年齡最長的韓鳳亭惋惜了一聲,緩緩說出自己的安排。

一旁的眾人聞言,也不再多言,紛紛動起手來。

圍觀而來的許多同學,立馬散開,到處尋找能使用的熱水袋。

金仁誠更是跑了一趟家裡,取來一些紅糖,遞給了韓鳳亭。

韓鳳亭接過後,迅速轉身找來一隻乾淨的陶碗,用溫水將紅糖化開,又兌了些溫熱的鹽水,輕輕攪勻,試了試溫度,才端著碗走到患者身旁。

他俯下身,將溫熱的糖鹽水小心翼翼地湊到男子嘴邊,試圖撬開他緊閉的牙關。可男子牙關緊咬,毫無反應,糖水順著嘴角溢位,浸溼了衣襟。

“這樣不行,他吞嚥不了,得想辦法。”

韓鳳亭眉頭緊鎖,看向一眾同仁。

高靜山見狀,一手扶著患者的肩膀,另一隻手用棉布蘸著糖鹽水,一點點溼潤患者的嘴唇,又極其小心地將棉布邊緣的糖鹽水緩緩滴入患者口中,動作輕柔得彷彿生怕驚擾了那微弱的生機。

另一邊,馬鳴川和幾個同學已經找來了七八個熱水袋,大家七手八腳地往熱水袋裡灌入溫水,擰緊蓋子。

又用乾淨的棉布仔細裹好,按照韓鳳亭的吩咐,輕輕掀開患者蓋著的薄被,將熱水袋分別放置在患者腋下、心口和大腿根部,仔細將被褥重新蓋好,儘量不讓一絲熱氣散出。

王乾澤點了點頭,看著男子毫無生氣的面龐,心中暗暗祈禱,希望這番急救措施能起作用。

秦靈塵站在一旁,目光緊緊盯著患者蒼白如紙的臉,眉頭緊鎖,嘴裡雖沒再說話,眼神裡卻滿是凝重與無奈。

他深知,此刻每一步操作都如同在懸崖邊行走,稍有不慎,便可能將患者推向絕境。

時間在緊張的氛圍中緩緩流逝,屋內靜得只能聽見眾人細微的呼吸聲和熱水袋偶爾發出的輕微聲響。

這破敗的土坯房門口,也聚集了諸多圍觀的鄉親。彼此間默契的低語聲在人群裡起伏,討論著裡面的病患情況。

有人踮著腳尖往屋裡張望,卻被前面的人擋住了視線,只能伸長脖子,目光裡滿是焦急與好奇。

人群中,一位頭髮花白的老嫗顫巍巍地向前挪了挪,手裡攥著個粗瓷碗,聲音帶著幾分急切。

“大夫,俺家裡還存著點薑湯,雖說不是啥金貴東西,可驅寒暖身或許能頂些用,能不能給這後生試試?”

韓鳳亭聞聲望去,見是位年長的婆婆,眼中閃過一絲感激,連忙點頭應下。

老嫗顫巍巍轉身擠出人群,不多時便端著熱氣騰騰的薑湯折返,小心翼翼地遞到一位學生手中。

韓鳳亭接過薑湯,先湊近鼻尖輕嗅,確認姜味醇厚卻不刺鼻,又用指尖試了試溫度,才轉身看向高靜山。

高靜山立刻會意,配合著再次扶穩患者,用棉布蘸著薑湯,仿照方才喂糖鹽水的方式,一點點將溫熱的湯汁潤進患者口中。
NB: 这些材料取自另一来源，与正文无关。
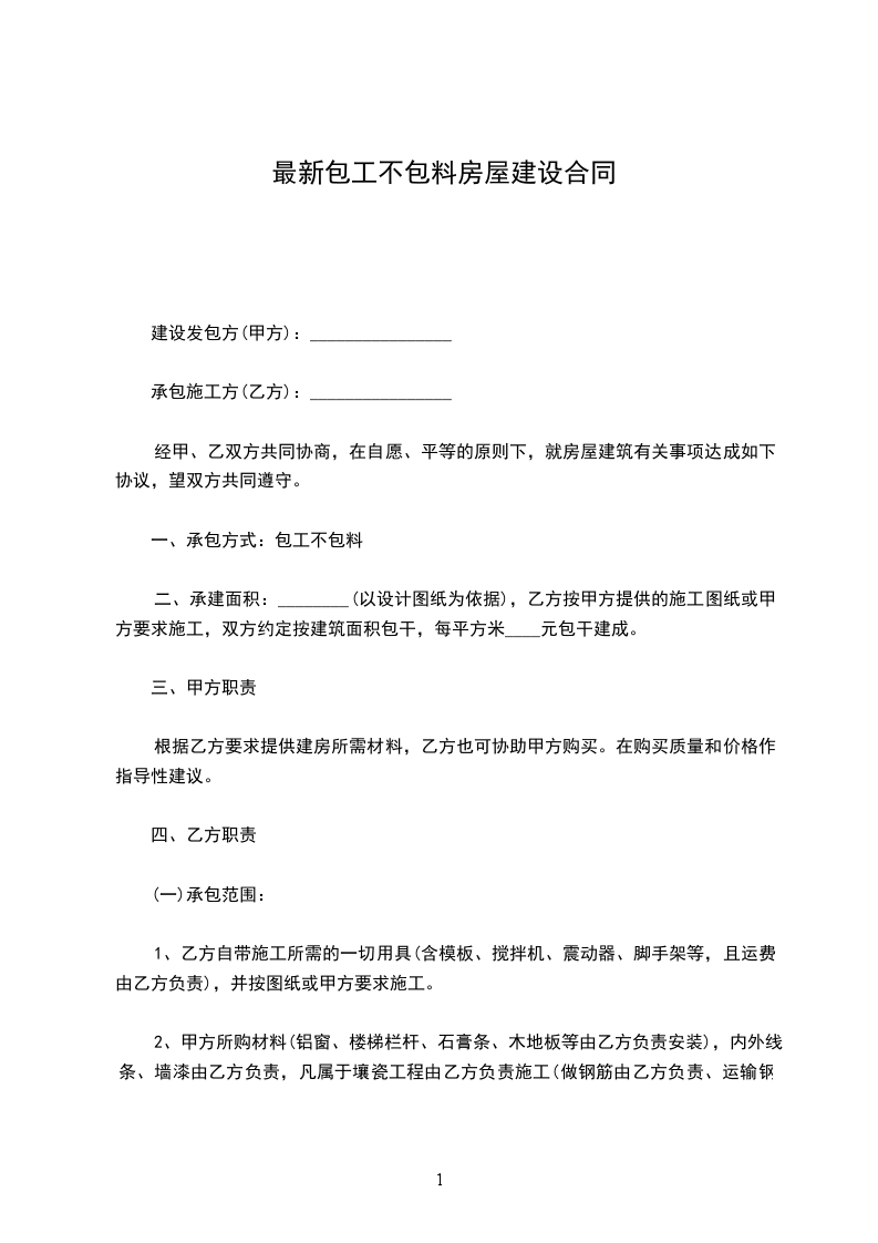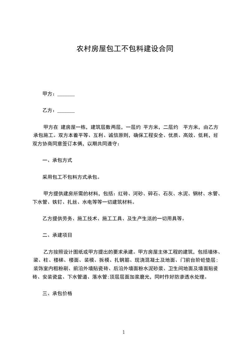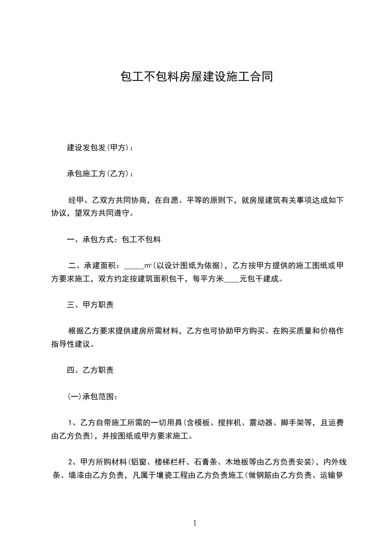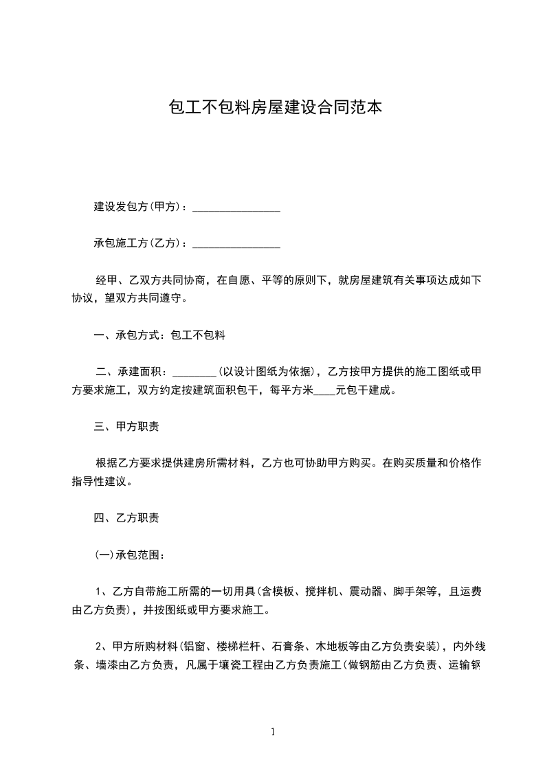 甲方在建房屋___栋,建筑层数___层,___层约_____平方米,___层约_____平方米,由乙方承包施工。双方本着平等、互利、诚信原则,确保工程安全、优质、高效、低耗,经双方协商同意签订本俩,以期共同遵守:一、承包方式

馬鳴川和幾個同學守在熱水袋旁,時不時伸手探探患者身下的溫度,確保熱水袋的熱量能持續傳遞。

有人小聲提醒。

“要不要再換一批熱水袋?感覺溫度好像降了點。”

馬鳴川搖了搖頭,壓低聲音道。

“先別急,頻繁更換容易驚擾患者,等過一刻鐘再看看。”

王乾澤深吸一口氣,目光落在男子臉上,沉聲道。

“先保持這個狀態,持續觀察。高老哥,你看,他目前的呼吸和脈搏,比剛才有沒有一絲好轉的跡象?”

高靜山聽了這話,收起端著的薑湯,搭著男子的手腕,眉頭緊皺,片刻後才緩緩搖頭,語氣沉重。

“脈搏依舊微弱,幾乎難以察覺,呼吸也沒有絲毫增強的跡象。情況還是萬分兇險,我們能做的,只有盡力維持,等待他身體機能慢慢恢復,但這需要時間,而他現在,最缺的就是時間。”

王乾澤的眉頭擰成了疙瘩,目光卻始終未從患者臉上移開,彷彿要從那蒼白的面容裡尋出一絲轉機。

他緩緩蹲下身,與高靜山並肩,壓低聲音道。

“我們不能只守著這一種法子,得再想想旁的轍。”

高靜山微微頷首,目光掃過屋內眾人。

“眼下我們能做的,無非是維持體溫、補充水分,可這些終究是治標不治本,若患者體溫遲遲升不上來,僅憑這些,怕是撐不了多久。”

韓鳳亭將空了的粗瓷碗輕輕放在一旁,轉頭看了看四周,口中卻發出一聲輕咦。

“咦?金小友呢?他咋沒跟過來?”

話音一落,屋外的人群中立馬有人出聲回應起來。

“來了來了,金大夫來了!”

說罷,只見圍攏而來的人群自動分開,金戈的身影出現在幾位老中醫眼中。

只見他原本穿著的白大褂上,沾染了不少鮮紅的血跡,一雙沒有戴手套的雙手,正用積雪相互揉搓著,擦拭著上面的血跡。

見此情形,秦靈塵立馬迎了上去,關切地詢問道。

“小七,你這是咋了?咋弄成這樣?”

金戈聞聲,面色凝重的看了看屋內的場景,沉聲回應著。

“我沒事,就是剛才碰到一個受傷的獵戶,傷口深得很,又凍得發硬,費了好大力氣才給他清理乾淨。”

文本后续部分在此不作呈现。